Tuesday, May 22, 2012

Kansas Anti-Birth Control Bill

As I was perusing the interwebs last night I stumbled across numerous people complaining about a bill that the state of Kansas just passed concerning birth control.

"I've been on birth control (I chose to) for the last few years. I think it's bulls**t that certain states have laws that allow pharmacists to deny women BCP's if they believe it's immoral. Last I checked this is 2012, not 1960!"

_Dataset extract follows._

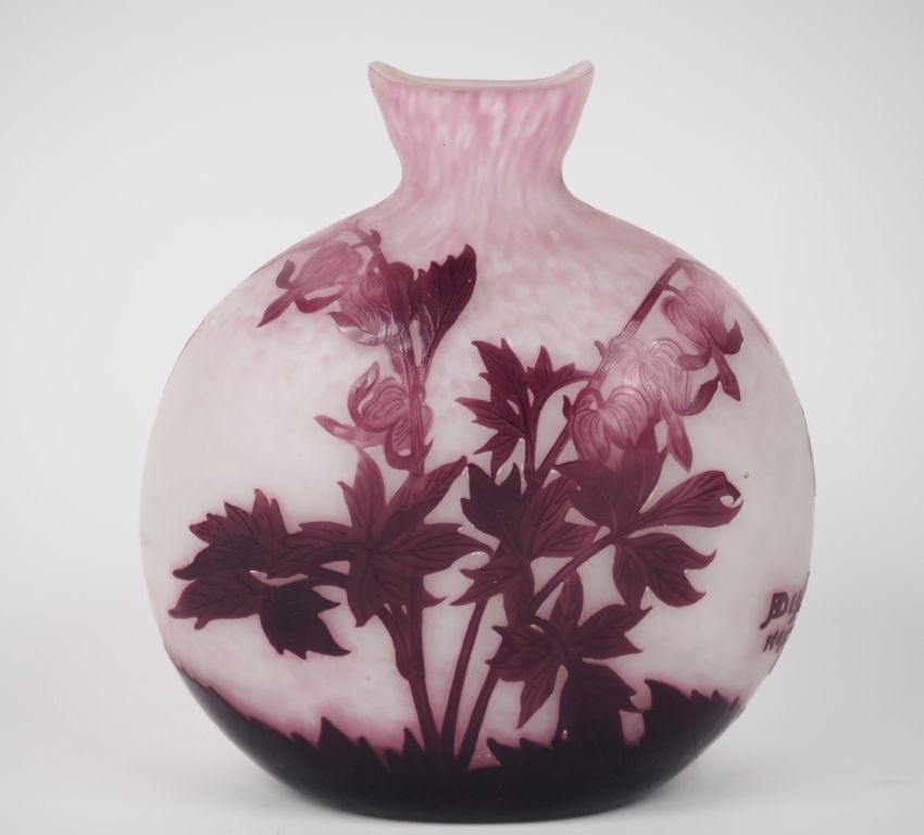 DELATTE. Vase ovoide à panse applatie en verre à décor gravé en camée et à l'acide de fushias mauves sur fond blanc nuancé de mauve.

"Controlling birth-control is another way to control women; something our society is very fond of. We're treated like inept children who cannot be trusted to function on their own. I can only get access to 1 month supply's at a time, and one of the arguments is that women might 'over dose' themselves on their BC so we shouldn't be given too many months supply at a time. I wish I was kidding.  It's controlling women, controlling our bodies, and owning us. Every woman regardless of opinion on BC should be furious with this."

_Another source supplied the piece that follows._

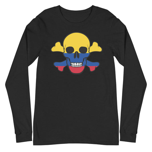 Unisex Long Sleeve Tee with the Flag of Colombia in a Skull and Crossbones design!

"So I would be screwed if I lived in the states. I suffer from ovarian cysts and the only thing keeping me from unbearable pain and surgery to remove the cysts or in a worst case scenario my ovaries is the pill."

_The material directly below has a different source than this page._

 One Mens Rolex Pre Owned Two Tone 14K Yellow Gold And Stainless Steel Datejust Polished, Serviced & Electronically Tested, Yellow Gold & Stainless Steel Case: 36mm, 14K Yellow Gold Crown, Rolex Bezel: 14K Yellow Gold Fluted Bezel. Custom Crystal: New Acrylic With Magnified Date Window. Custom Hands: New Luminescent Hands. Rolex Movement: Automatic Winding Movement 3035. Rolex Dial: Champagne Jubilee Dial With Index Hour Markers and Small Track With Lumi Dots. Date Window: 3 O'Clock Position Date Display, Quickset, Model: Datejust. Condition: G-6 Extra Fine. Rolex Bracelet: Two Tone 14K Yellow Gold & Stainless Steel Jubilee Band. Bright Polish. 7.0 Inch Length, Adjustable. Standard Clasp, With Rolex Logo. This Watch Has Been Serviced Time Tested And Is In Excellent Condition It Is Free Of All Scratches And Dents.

I feel quite passionate about this bill too, but I am sad that the government feels as though it is necessary.  The public looks at the pharmacy and sees it as nothing more than a dispensary.  A place to get the medicine that a doctor, PA, nurse practitioner, or dentist prescribed.  A place where a pharmacist has no business second-guessing what a health practitioner prescribed for.  A place where the pharmacist simply dispenses the medication, and has no emotion or opinion about it.

A pharmacist should be able to question the validity of a prescription.  If a patient is constantly refilling medications early, or too late, then maybe they are taking them improperly to begin with.  If they are taking numerous medications in the same drug class, that also needs to be looked at.  If they are doctor shopping and getting numerous medications, that should be flagged.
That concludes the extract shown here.